Metro station in Paris, France

Malesherbes (/fr/) is a station on Line 3 of the Paris Métro. It is located in the 17th arrondissement of Paris.

==Location==
The station is located under Place du Général-Catroux, along the axis of Avenue de Villiers, west of its intersection with Boulevard Malesherbes. Approximately oriented along an east–west axis, it is located between Wagram and Villiers stations.

==History==
Malesherbes was opened on 23 May 1910 when the line was extended from Villiers to Pereire. The station is named after the Boulevard Malesherbes, which honours the statesman Guillaume-Chrétien de Lamoignon de Malesherbes, who was guillotined during the Reign of Terror in 1794.

As part of the RATP Renouveau du métro program, the station corridors and platform lighting were renovated in the 2000s.

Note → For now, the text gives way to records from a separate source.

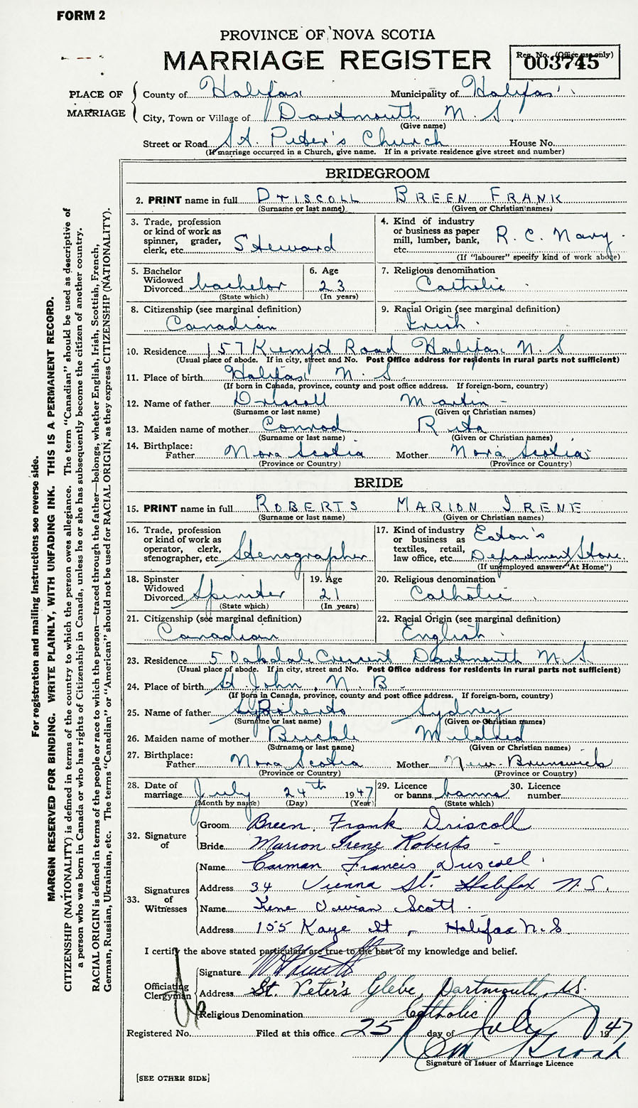 28. Date of marriage July 24 1947 29. By license or banns License 30. License number
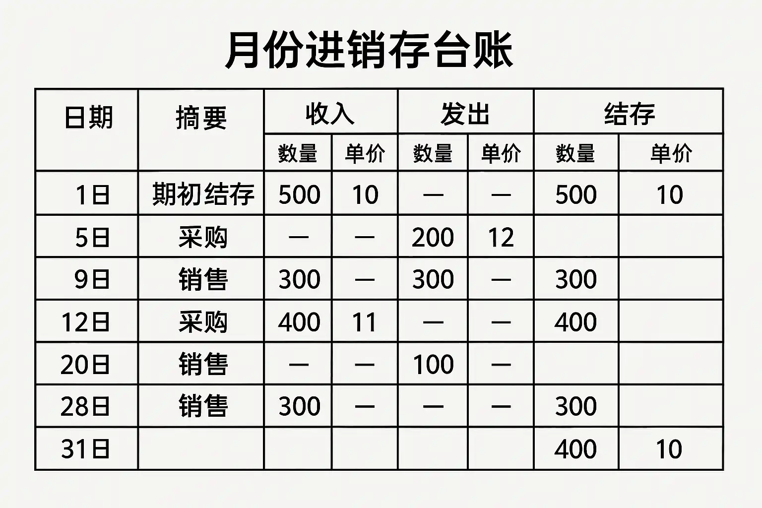 - 月进销存台账,又称月度进销存明细表,是企业用于记录某一类商品或原材料在一个月内“入库-出库-结余”全过程的数据表。
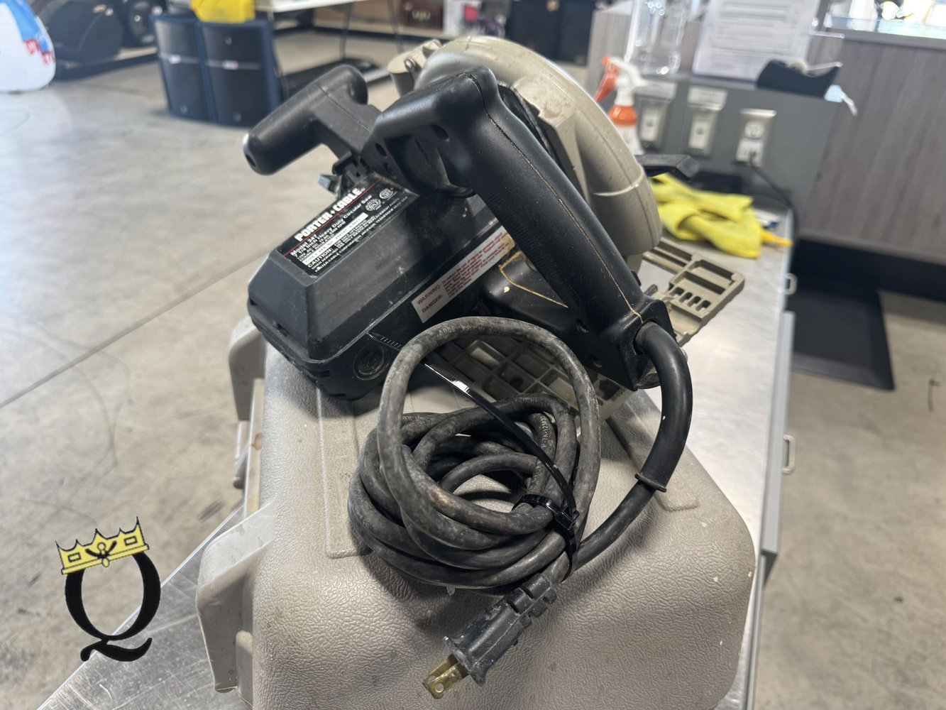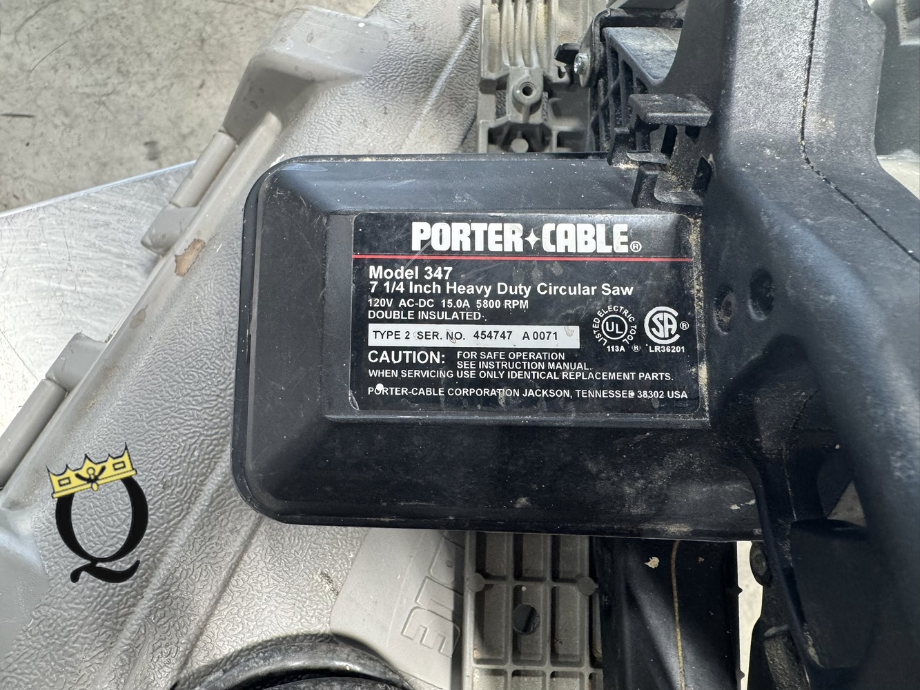 The PORTER CABLE Model 347 Circular Saw provides reliable cutting with a half-inch blade. Durable and user-friendly, it ensures comfortable control. Ideal for heavy-duty construction and woodworking, it comes with a protective case for storage and transportation.

In 2018, it saw 2,628,908 travelers enter the station, which placed it in the 212th position out 302 metro stations for its traffic.

==Passenger services==
===Access===
The station has two entrances:
- Entrance 1: "Place du Général-Catroux", consisting of a fixed staircase, leading to the right of no. 15 of this place;
- Entrance 2: "Avenue de Villiers", consisting of an escalator allowing only an exit, located opposite no. 40 of this avenue.

===Station layout===
| Street Level |
| B1 | Mezzanine |
| Line 3 platforms | Side platform, doors will open on the right |
| Westbound | ← toward Pont de Levallois–Bécon (Wagram) |
| Eastbound | toward Gallieni (Villiers) → |
Side platform, doors will open on the right

===Platforms===
Malesherbes is a standard configuration station. It has two platforms separated by the metro tracks and the vault is elliptical. The decoration is in the style used for most metro stations, the lighting strips are white and rounded in the Gaudin style of the metro revival in the 2000s, and the bevelled white ceramic tiles cover the pillars, the tunnel exits as well as the outlets of the corridors, while the vault is painted white. The advertising frames are metallic, and the name of the station is written in Parisine font on enamelled plates. The platforms are equipped with benches made of wooden slats painted dark green.

===Bus connections===
The station is served by lines 20, 93 of the RATP Bus Network, and, at night, by lines N16 and N52 of the Noctilien network.